You know, I wish I had some pictures but, believe it or not, in the five years I spent in Hungary, I never once went up to the Tokaji region for the harvest?
I am going again in late November for a visit, but I’m afraid I’m just going to miss the harvest.
IIRC, in Hungary the Eszencias start at around $80-$100. If you live in the Chicago area (which I assume is what Sam’s refers to, although your Location shows Richland), I could have a look for you while I’m out there.
My (single, alas) bottle of Esszencia sez that it’s a 7% alcohol–still quite low for wine, but certainly less astonishing than 2.5%. My bottle of Aszu Esszencia sez that it’s 9%. I don’t have a bottle of 6-putt at the moment, but my 5-putt bottle is listed as 12%.
Is There another Sam’s (though they have one in Downers Grove and rumours about opening in NY)?
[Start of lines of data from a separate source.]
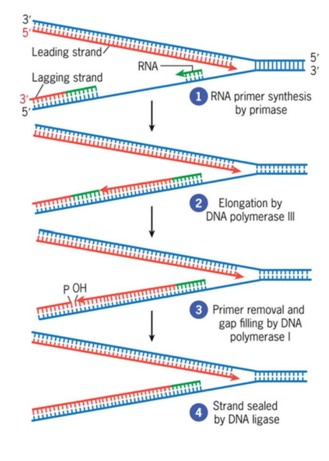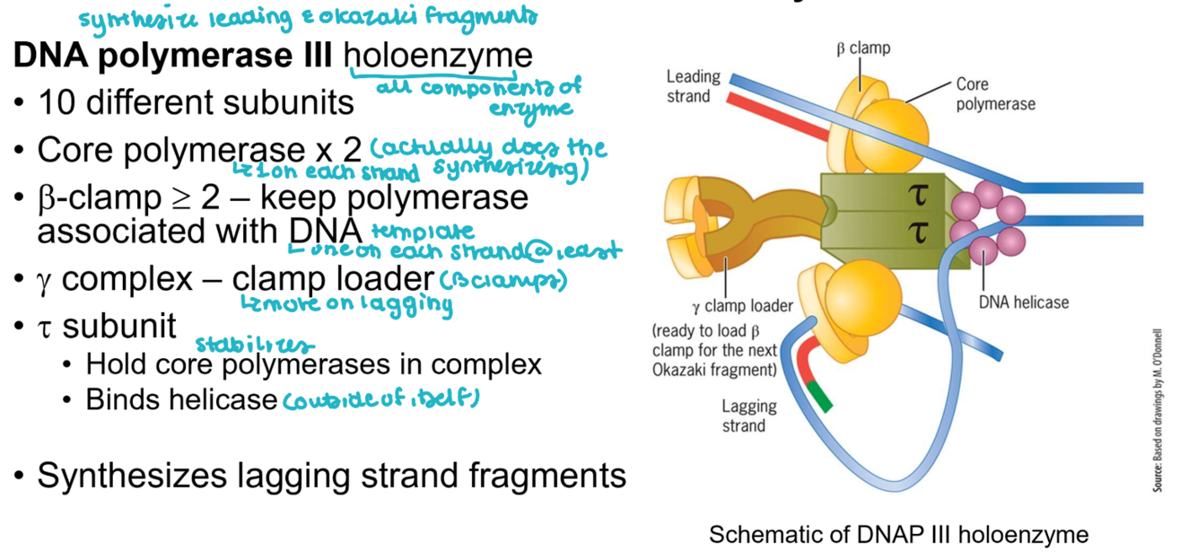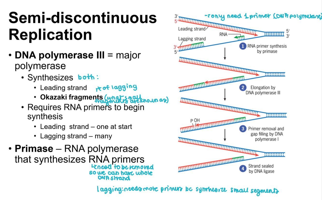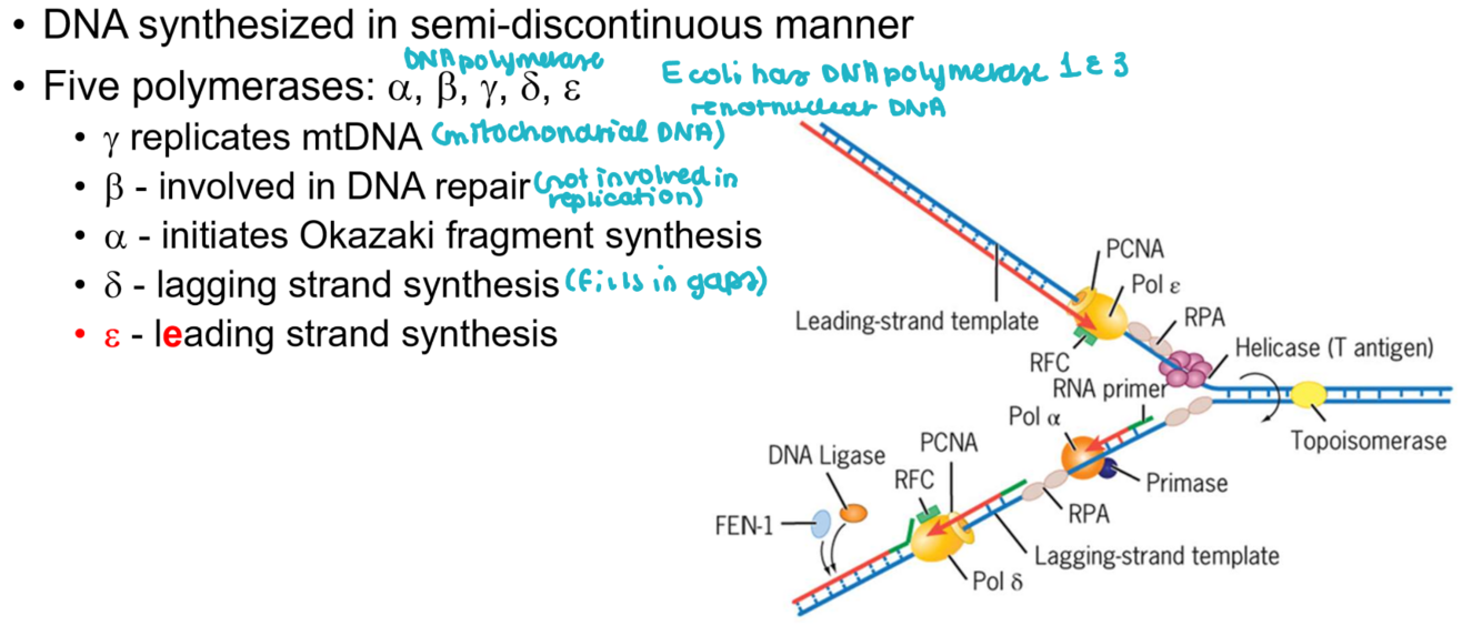 5’ to 3’ polymerase (synthesize in between okazaki fragments
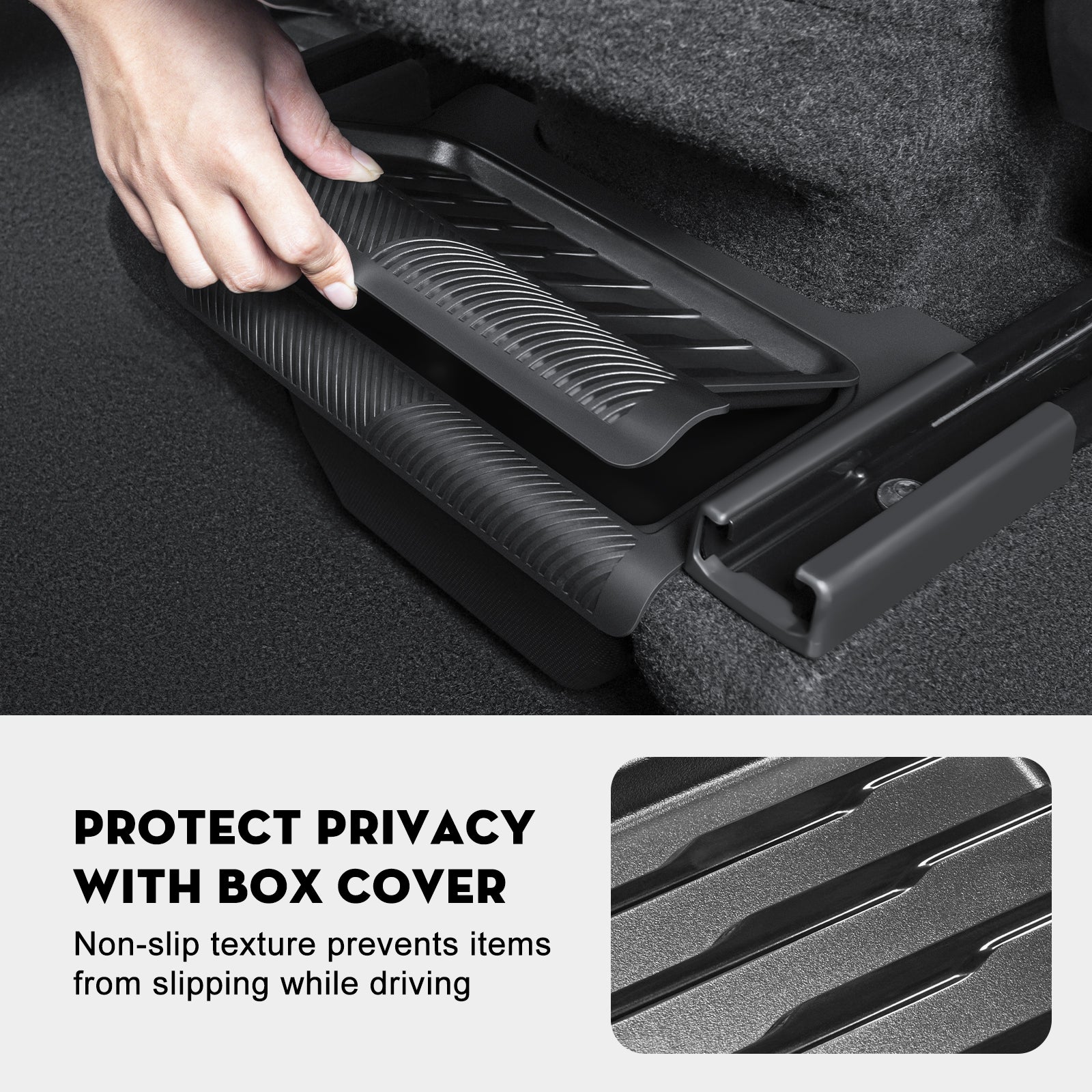 - Easy to Install: This Tesla Model Y Juniper Storage Box installs in 5 seconds without adhesives or Velcro. It stays securely in place even on bumpy roads and removes effortlessly.
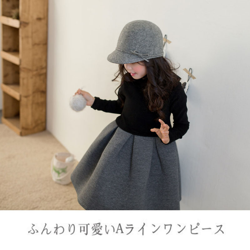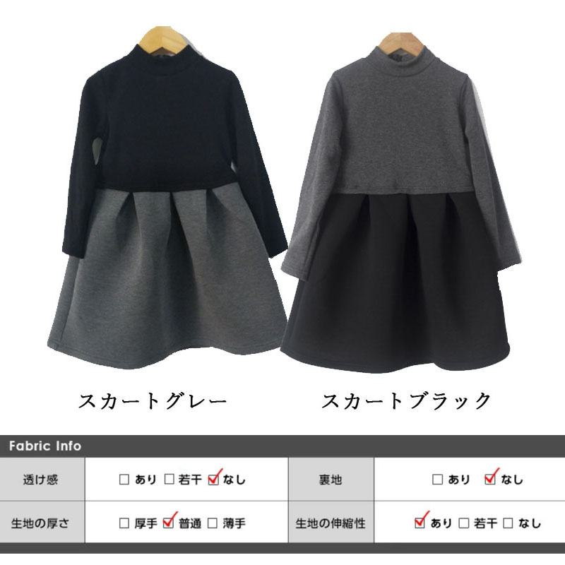 ハイネックAライン切り替えワンピース ブラック グレー ドレス ピアノ 発表会 七五三 大人気 お姫様ドレス 冠婚葬祭 長袖 パーティー 結婚式 二次会

I lived in Chicago for about five years before venturing out west.
Unfortunately I don’t think I can afford any of the Eszencias but have one (or more) for me and thanks.
7%? That’s pretty high for an Eszencia. Most range in the 2-3% level. Some even lower.
Aszu Eszencia is all over the map in terms of alcohol content, but ranges, as you noted from 7%-12%. I suppose a better average would be 10%.
I never said different; the OP wasn’t asking about dry wines.
In my lay experience, “dessert wines” usually refer to sweet wines made by starting with sweet grapes concentrated to high level, contrasted with the fortified wines made by adding brandy as you note. Perhaps that’s wrong.
I certainly agree, but I’ve seen some pretty high-proof Spatlase wines from time to time. I remember taking a 12.5% bottle to a party once and being pleasantly surprised that it still had a touch of sweetness. It must have started with a high brix; maybe it was grown to the south.